Snabel v. Barber

Decision Date16 June 1931
Citation300 P. 331,137 Or. 88
PartiesSNABEL v. BARBER ET AL. [a1]
CourtOregon Supreme Court

In Banc.

Appeal from Circuit Court, Wheeler County; D. R. Parker, Judge.

Action by Roy M. Snabel against A. C. Barber and another. Judgment for plaintiff, and defendants appeal.

Affirmed.

W. H. Maguire, of Portland (Dey, Hampson & Nelson, of Portland, and Carl & H. H. Hendricks, of Fossil, on the brief), for appellants.

F. S Senn, of Portland (Senn & Recken, of Portland, and Oliver C Crowther, of Fossil, on the brief), for respondent.

RAND J.

This is an action to recover damages for personal injuries alleged to have been sustained by plaintiff on June 10, 1930, when plaintiff was run into by an automobile driven by defendants. The accident happened on the John Day highway a short distance west of Spray. The traveled portion of the road at that point was about twenty or twenty-one feet in width. Just prior to the accident, plaintiff had been riding on a truck loaded with lumber and driven by his father which had been stopped on the right-hand side of the highway in order for plaintiff to open a gate on the opposite side of the highway so that the truck could be driven into a field where the lumber was to be unloaded. The truck was stopped close to the edge of the road and partially on the traveled portion of the highway and a short distance back of the gate, so that, when started, sufficient momentum could be obtained to cross over the road and pass through the gate to the field. Plaintiff got off on the right-hand side of the truck and passed diagonally in front of the truck across the road, and before reaching the gate was run into by defendants' automobile. Defendants at the time were driving in the same direction that the truck was headed.

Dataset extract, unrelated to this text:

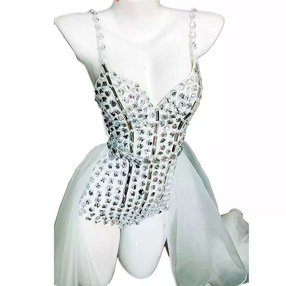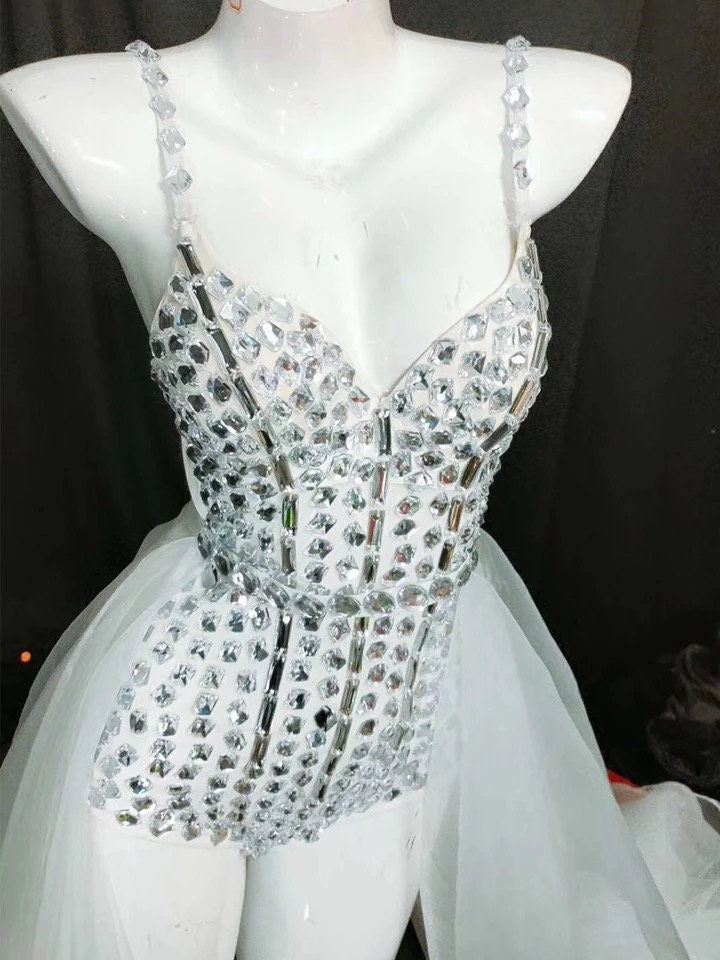Rhinestone Bodysuit Crystal Diamond Jumpsuit Sparkling Sequin Birthday Dress Bachelorette Bride Tutu Skirt Gown Space Costume
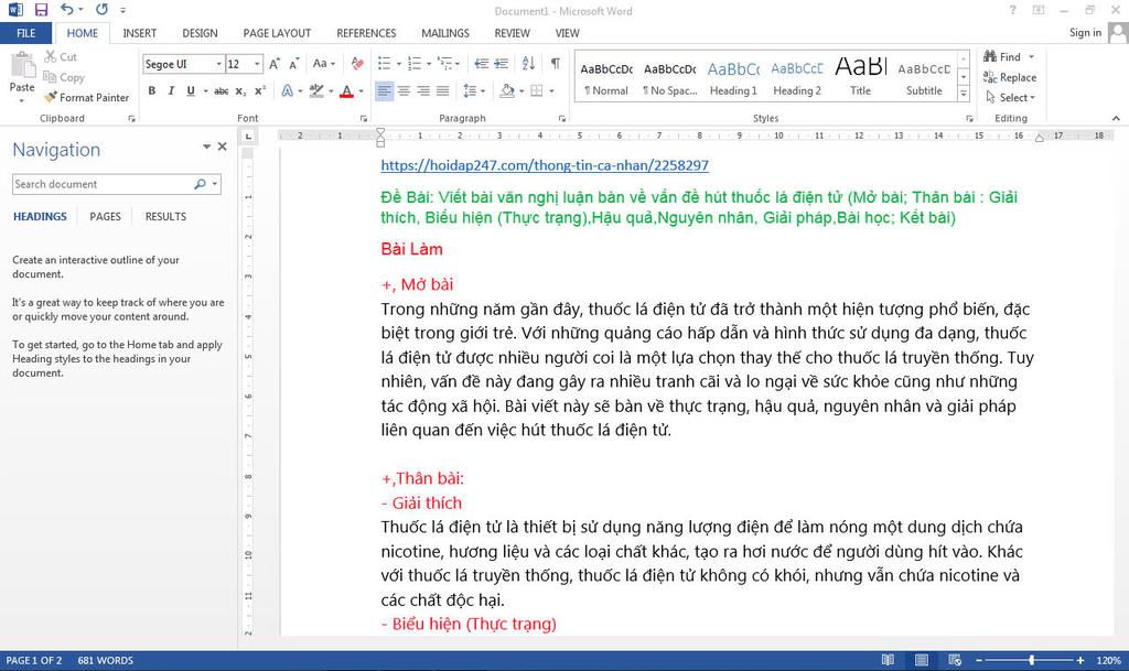 ĐỀ BÀI: VIẾT BÀI VĂN NGHỊ LUẬN BÀN VỀ VẤN ĐỀ HÚT THUỐC LÁ ĐIỆN TỬ (MỞ BÀI ; THÂN BÀI: GIẢI THÍCH, BIỂU HIỆN(THỰC TRẠNG), HẬU QUẢ, NGUYÊN NHÂN, GIẢI PHÁP, BÀI HỌC ; KẾT BÀI)

Plaintiff testified that, upon getting off the truck, and before proceeding to cross the road, he looked to the rear and saw no automobile approaching from that direction. The road was straight at that point, and he had an unobstructed view for a distance of several hundred yards. There was a slight curve and an upgrade in the road ahead of the truck, but the road was visible in that direction for a distance of about two hundred yards, and coming down the road from that direction at the time was another automobile which he says he was watching at the time he sustained the injuries complained of. Plaintiff testified that, before being struck by defendants' automobile, he had crossed the traveled portion of the highway, and was walking along the edge of the road on the left-hand side of the highway, and that he did not see defendants' automobile before it ran into him.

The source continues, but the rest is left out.